Медсестра шмыгнула носом:

— Мне очень жаль. Она очень сильно сдала за последние недели.

Сестра явно не доверяла разведенным матерям, оставившим ребенка. А может, до сих пор не верила, что эта сильная и спокойная женщина приходится девочке матерью.

Если бы Гретхен была человеком, она почувствовала бы неуверенность и постаралась объяснить, что девочку отняли у нее недобросовестные законники. Теперь же она смотрела на сестру как на ближайший контейнер с пищей, из которого при подходящих обстоятельствах можно отхлебнуть крови. Она по-кошачьи улыбнулась, и сестра мгновенно отвела взгляд.

— Эшли, — окликнула она дочку, как только они остались вдвоем.

Она привезла с собой книгу Яна Пиенковски, завернутую в красную бархатную бумагу с черными силуэтами кошек. Эшли нравились кошки. И ей понравятся страшные картинки-раскладушки. Они вместе будут читать и рассматривать эту книгу. Но пока Гретхен положила подарок на стул, ей предстояло заняться более важным делом.

— Эшли, это твоя мамочка. Проснись, дорогая.

Маленькая девочка открыла огромные, обведенные синими тенями глаза и тихонько всхлипнула.

Гретхен опустила ограждение на кровати и подсунула руку под спину Эшли. Девочка оказалась пугающе легкой.

Гретхен ощущала лихорадочный жар больного ребенка, чувствовала запах антисептиков, пропитавший больничную палату, сладкий аромат кожи своей дочери. Но все это оставалось где-то вдали. Гретхен уже относилась к числу бессмертных существ.

«Мы должны охранять свою территорию». Кажется, так говорил Ник? «Это не эмоциональное онемение; это физическая нечувствительность». Она вспомнила, как он втыкал перо в руку, как вводил иглу в вену, вспомнила о своих онемевших пальцах, вспомнила о том, как все ощущения, даже запах и тепло ее ребенка, становятся все слабее и дальше. Бессмертие. Онемение. Нечеловеческая сила. Одиночество.

Она прикоснулась своим новым, хищным ртом к шейке дочери. Скажет ли Эшли ей за это спасибо?

Но решать предстояло ей.

Лафкадио Хирн

Патрик Лафкадио Тессима Карлос Хирн (1850–1904) родился на ионическом острове Санта-Маура в семье военного врача-ирландца, служившего в британской армии, и гречанки по имени Роза. Когда ему было шесть лет, их семья переселилась в Дублин. Он учился в Англии и во Франции, а затем эмигрировал в США, где работал типографом и журналистом.

Он начал сочинять гротескные повествования, часто со сверхъестественным колоритом, но зарабатывал себе на жизнь статьями и колонками в газете. Сойдясь с негритянкой по имени Алетейя Фоли, он потерял работу и перебрался в Нью-Орлеан, где писал истории из креольской жизни и пытался выучить гумбо — креольский диалект Луизианы.
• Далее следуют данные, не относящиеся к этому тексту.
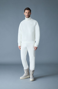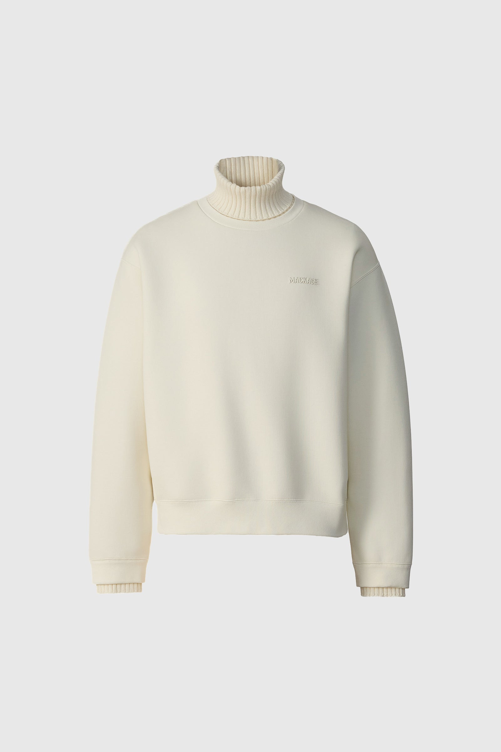 LEGEND is a double-face jersey turtleneck featuring a double roll collar and sleeve cuff crafted in a 7gg soft wool blend rib. It is finished with tonal ribs at collar, cuff and hem and with MACKAGE silicone branding on the chest. A modern wardrobe essential with a soft structure and everyday ease. DETAILS - Double-face jersey turtleneck - Soft wool blend double roll rib knit turtleneck collar - Tonal rib knit crew neck collar, cuff, and hem - "MACKAGE" silicone branding on chest - Unlined construction - Machine washable - Relaxed fit - Short length SIZE & FIT - RELAXED – Loose fit for on the go comfort. - Designed to be worn with heavier layers. - The model is 6'2" (187 cm) and wears a size L. - Coat length from shoulder to hem: 26'' / 81 cm. COMPOSITION & CARE - Shell: 53% cotton, 47% polyester. - Wash in domestic or commercial machine in water not exceeding 30°C at normal setting. Wash inside out. Use mild detergent. Wash with similar colors. Remove immediately after washing. Do not tumble dry. Iron with or without steam by hand, or press on commercial equipment, at low temperature (not exceeding 110°C). Do not bleach. Dry clean using oil-based solvent only. Do not use perchloroethylene.
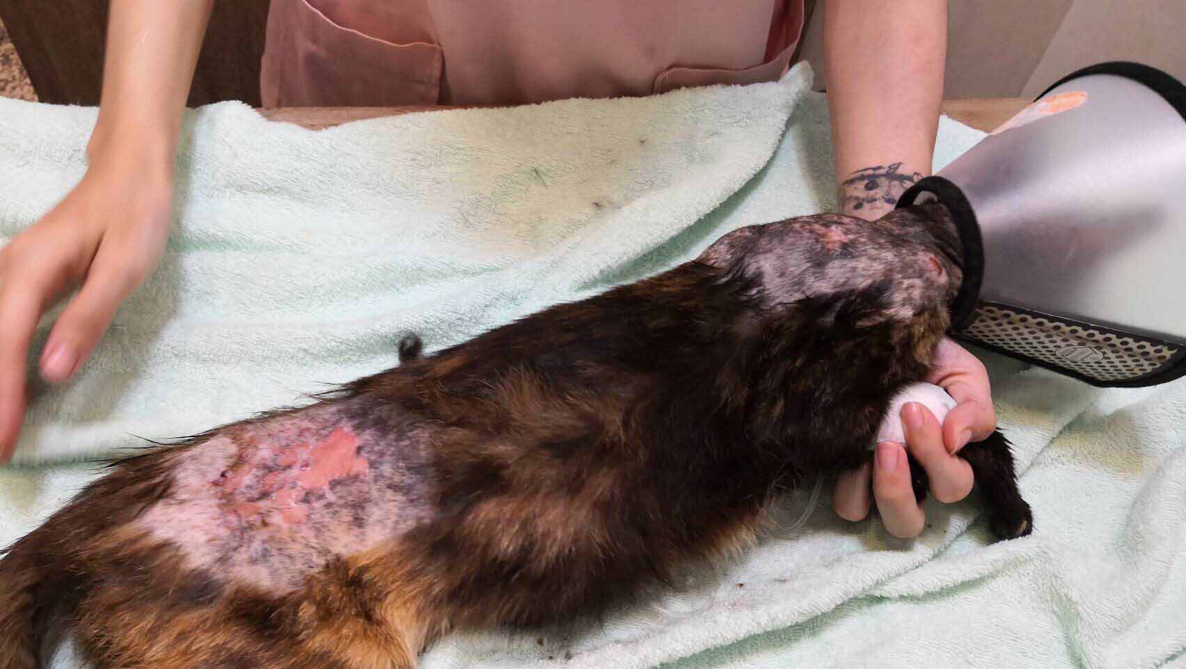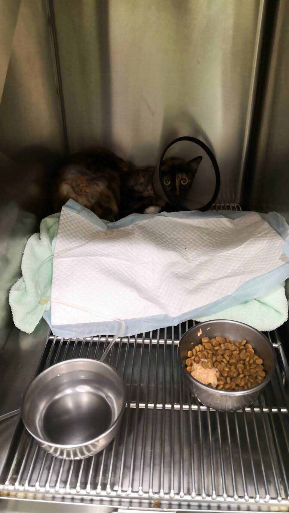 去年一月突然出現在餵養區,當時她很小,瘦巴巴的也很膽小,總是被其他貓咪欺負,因為這些因素,會把她引到邊邊讓她獨自享大快朵頤一番。也許她天生抵抗力較差,很容易有皮膚方面的問題,儘管我每天給她吃保健食品和投藥,一開始效果很好但過了一陣子後皮膚開始潰爛,反覆發作好多次。這一次她突然消失了一個禮拜,好不容易出現了卻瘦到見骨,皮膚也變得更糟,真的很令人心疼,雖然她是浪貓,但她仍有活在這個世界上的權利,希望透過醫療的方式能夠讓她活下去。很感謝協會的醫療資源,讓我可以把她帶去醫院做治療。動物近況說明: 把紫蘇送到醫院後才發現她真的已經瘦到皮包骨了,只剩下2.4公斤了,真恨自己為什麼不能早點抓到她。醫生必須給她適量的麻醉才能局部剃毛,檢查身上到底有多少傷口,看到傷口後我的腦袋空了,頸部大大小小好幾個傷口,有些傷口一直流血和化膿,身體的身口佔了身長的三分之一,我不忍心看下去,因為看了會想哭。這途中紫蘇一直看著我,好像在告訴我她很不舒服很驚恐也很無助,她哀傷的眼神讓我很難過也很自責,如果我早點抓到她,或許不會那麼嚴重。經過抽血檢查才知道她嚴重貧血和營養不良,皮膚潰爛是因為免疫力出了問題,也有可能血液裡有寄生蟲,以上這些讓我很不知所措,我不知道這麼瘦弱的她能不能撐過這一關,只能拜託醫生盡力醫治她。
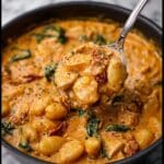 This Creamy Chicken and Gnocchi recipe is a comforting and flavorful dish combining tender pan-cooked chicken, pillowy potato gnocchi, and a rich creamy sauce infused with garlic, smoked paprika, sundried tomatoes, and Parmesan cheese. Finished with fresh baby spinach, it offers a delightful balance of savory and fresh flavors, perfect for a quick and satisfying dinner.

Его ранние сочинения — переводы произведений Теофиля Готье (1882), «Разрозненные страницы удивительных сочинений» (1884), сборники креольских поговорок и кулинарных рецептов. В 1890 году Хирн по заданию журнала отправился в Японию, где женился на женщине двадцати двух лет, дочери знатного самурая, и где провел остаток жизни. Несмотря на смешанное происхождение, Хирна принято считать американским писателем, хотя его лучшие произведения представляют собой переложения и пересказы японских и китайских легенд, часто сверхъестественного и жуткого содержания. Его сдержанная, лаконичная проза предвосхищает прозу Хемингуэя, хотя это сходство не сразу бросается в глаза в силу существенных различий в авторской интонации.